Que se passe-t-il en Syrie ?

On a cru que la défaite des islamistes mettait un point final aux affrontements en Syrie. On découvre aujourd’hui que la guerre n’a jamais cessé, et qu’elle s’étend.

 

Le régime bombarde les rebelles à l’ouest

Les raids aériens de l’armée syrienne et de son allié russe contre les derniers bastions rebelles atteignent un rythme jamais connu. Ils se concentrent sur la région d’Idlib, non loin d’Alep, et de la Ghouta orientale, une banlieue de Damas, la capitale. Ces zones sont dominées notamment par les groupes djihadistes d’une ex-branche d’Al-Qaida. La Ghouta orientale est assiégée par le régime de Bachar el-Assad depuis 2013. 400 000 personnes y sont piégées, en manque de nourriture et de médicaments. La situation humanitaire est jugée extrêmement grave. Les bombardements touchent fréquemment des civils, et en particulier des hôpitaux, en violation du droit international. Des attaques chimiques répétées ont été constatées par les humanitaires sur place, et sont dénoncées par les États-Unis. Le 8 février, l’ONU a échoué à imposer une trêve humanitaire de 30 jours, la Russie s’opposant à une telle résolution.

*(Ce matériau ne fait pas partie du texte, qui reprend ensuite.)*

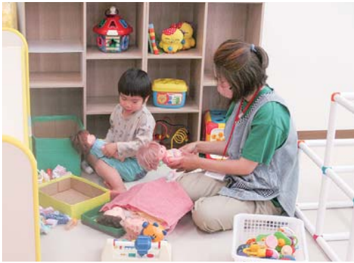
会員の活動（預かり）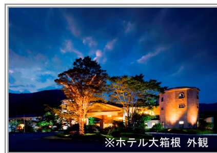
※ホテル大箱根 外観

【料 金】 1室3名利用時 1名さま ¥13,700より(夕朝食付) ¥8,700より(朝食付)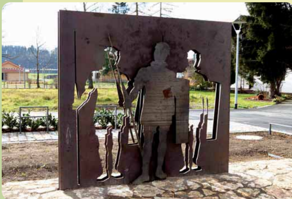
Die neu erstellte Skulptur am neuen Baugebiet in Epfach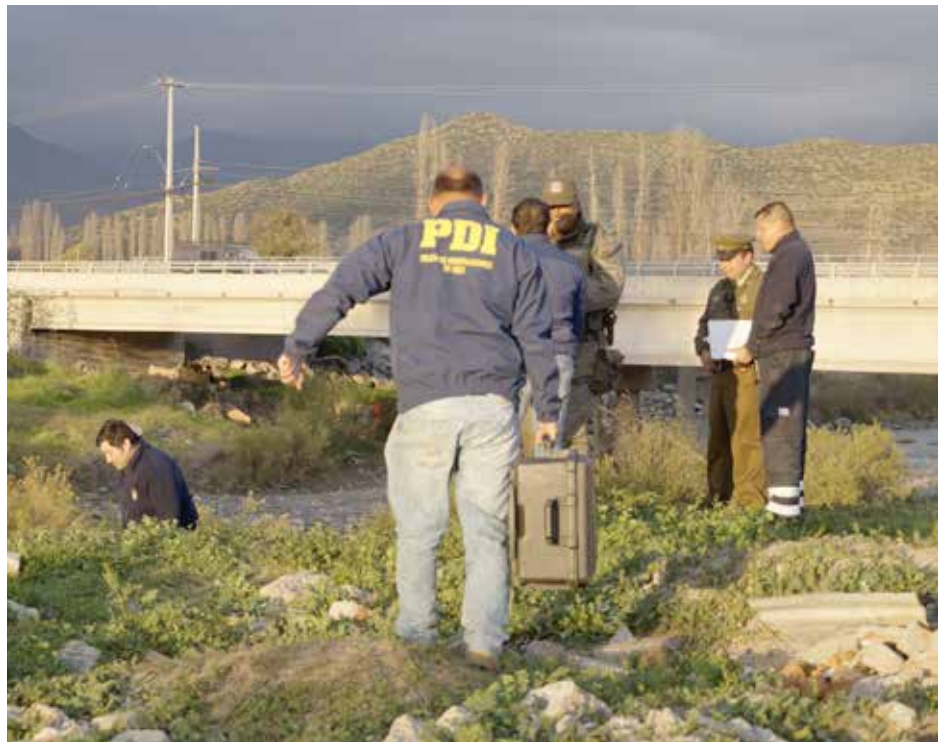
La presencia policial y del Servicio Médico Legal en la ribera sur del río Aconcagua, al poniente del puente David García.

De acuerdo a los antecedentes recabados en el lugar por El Andino, dicho hallazgo lo efectuó alrededor de las 17:30 horas una persona en situación de calle que vive bajo el viaducto, quien vio pasar el cuerpo arrastrado por la corriente y que fue a auxiliarlo por cuanto a la distancia observó que aparentemente

La Turquie attaque les Kurdes au nord

L’armée turque pilonne depuis le 20 janvier l’enclave kurde d’Afrine. À la frontière entre la Turquie et la Syrie, cette zone fait partie de la région semi-autonome proclamée par les combattants kurdes en 2016. Ankara y est fortement opposé, en particulier à cause de la présence d’une milice kurde qu’elle considère comme terroriste : les YPG (Unités de protection du peuple). Pour le président turc, les YPG seraient une extension du Parti des travailleurs du Kurdistan (PKK), une organisation autonomiste kurde contre laquelle il se bat sur son propre territoire depuis plus de 30 ans. La Turquie renvoie l’attaque d’Afrine à une question de sécurité intérieure, avec pour but de détruire les infrastructures militaires kurdes. Aucun pays ne semble s’y opposer, ni le régime syrien, qui a longtemps opprimé les Kurdes, ni les États-Unis, qui ont peu protesté au déclenchement de l’opération. En 2017, les YPG étaient en première ligne lors de la bataille pour expulser les combattants de l’État Islamique de leur fief de Raqqa.

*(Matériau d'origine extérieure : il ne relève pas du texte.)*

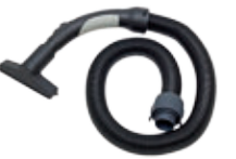
81010 Rikkaimuri Rikkaimurin letku venyy ja palautuu metristä neljään metriin. Kätevä keittiön, eteisen tai autotallin pikasiivouksiin.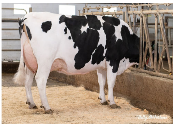
OCD LEGENDARY RAE FOURTH DAM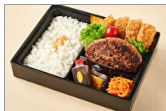
福よしのはんばーぐ&ロースカツ弁当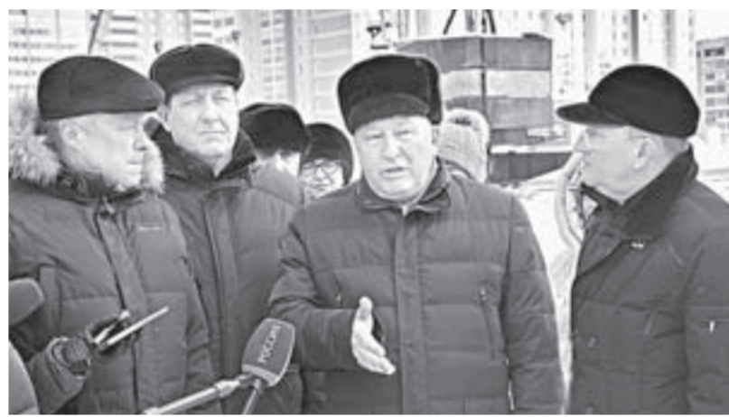
Александр Карлин: «Школы - это не просто планы, а реальный расчет».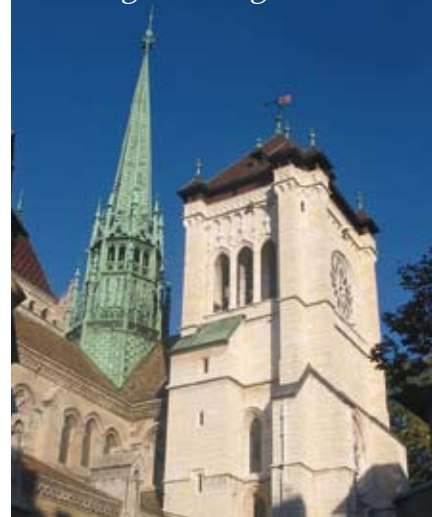
Sint Pieterskathedraal Genève, de kerk waar Calvijn preekte. ///

'In Genève werd op elke dag van de week, van maandag tot zaterdag, een morgendienst gehouden'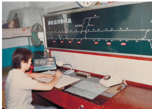
1980 “7047工程”时期二纬路指挥中心行车调度室。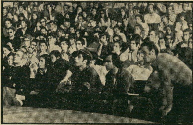
פנתרים וסטודנטים מקשיבים

יוקו מצדה, לא גילתה גם היא אהבה יתרה לנשים אחרות — או לבעליהן. כשם שלינדה יצרה קרע כאשר הסיחה את פול למנות את אביה למנהל הלהקה בניגוד לרצון האחרים, הייתה עתה יוקו את ג'והן לצרף אותה ללהקה כחיפושית חמישית. היה זה המספר האחרון בארון-המתים של הלהקה, והפירווד הפך לעבודה. כמו שכתחילת דרכה המפורטת בנו הנשים את החיפושיות — כן עתה, בסופה הרסו ה"נשים את האגדה המציאותית הנפלאה.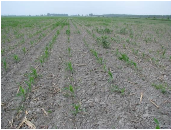
Figure 7 : Champ de maïs avec dommages de ver-gris noir

Israël s’en prend aux bases iraniennes dans le centre du pays

Le 10 février, l’armée israélienne a mené une attaque contre des positions iraniennes en Syrie, près de la ville de Palmyre. Cette opération a été décidée en représailles après le passage d’un drone au-dessus du territoire israélien. Israël attribue ce lancement à une base iranienne, mais l’Iran nie toute implication. Un avion israélien F16 a été abattu, touché par la défense anti-aérienne syrienne. C’est la première fois que les deux puissances s’affrontent ouvertement, faisant craindre l’embrasement d’un nouveau conflit dans la région. La Syrie compte 3 ennemis d’Israël : le régime de Bachar el-Assad, l’Iran, soutien majeur du président syrien, ainsi que le Hezbollah libanais, un parti chiite satellite du régime de Téhéran. Au moment où la guerre tourne à l’avantage de Bachar el-Assad, Israël craint plus que tout que l’Iran prenne pied militairement en Syrie, non loin de sa propre frontière.

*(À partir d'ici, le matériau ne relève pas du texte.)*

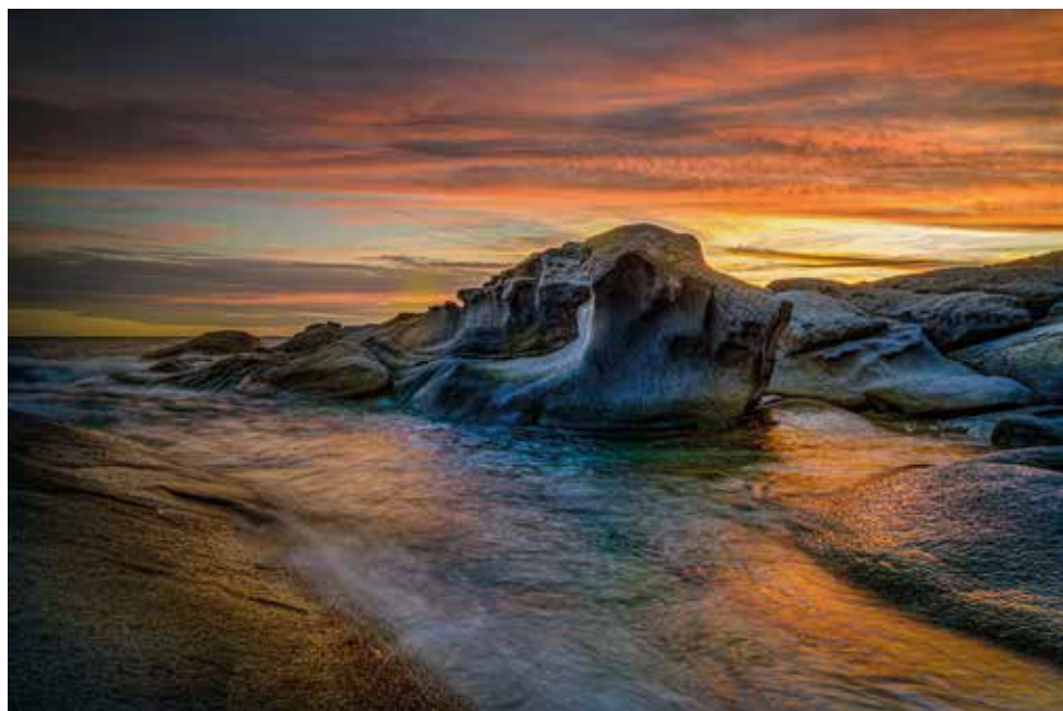
Millor fotografia social 2023

Les États-Unis et l’armée syrienne s’affrontent

Les États-Unis sont à la tête de la coalition internationale anti-djihadiste depuis 2011.  Le 7 février dernier, des soldats américains ont participé à une bataille qui a tué 45 combattants de Bachar el-Assad. Les partisans du régime étaient partis à l’assaut d’une zone défendue par des alliés de la coalition, l’alliance arabo-kurde des Forces démocratiques syriennes (FDS). La région attaquée abrite le quartier général des FDS, mais aussi un important gisement pétrolier. Les FDS, ainsi que les soldats américains, ont riposté et mené des représailles. Le régime syrien a qualifié l’opération de « massacre ». Washington a répondu que les États-Unis « ne cherchent par un conflit avec le régime », mais des combattants pro-régime ont promis de se venger. Le 17 janvier 2018, le secrétaire d’État américain (l’équivalent du ministre des affaires étrangères français) avait annoncé la poursuite de la présence américaine en Syrie. Rex Tillerson a alors expliqué les 3 objectifs de son pays : s’assurer que les groupes islamistes ne se reforment pas sur le terrain, contrer l’influence de l’Iran, et peser sur une éventuelle transition politique. Les analystes mettent en garde contre un nouvel enlisement de l’armée américaine.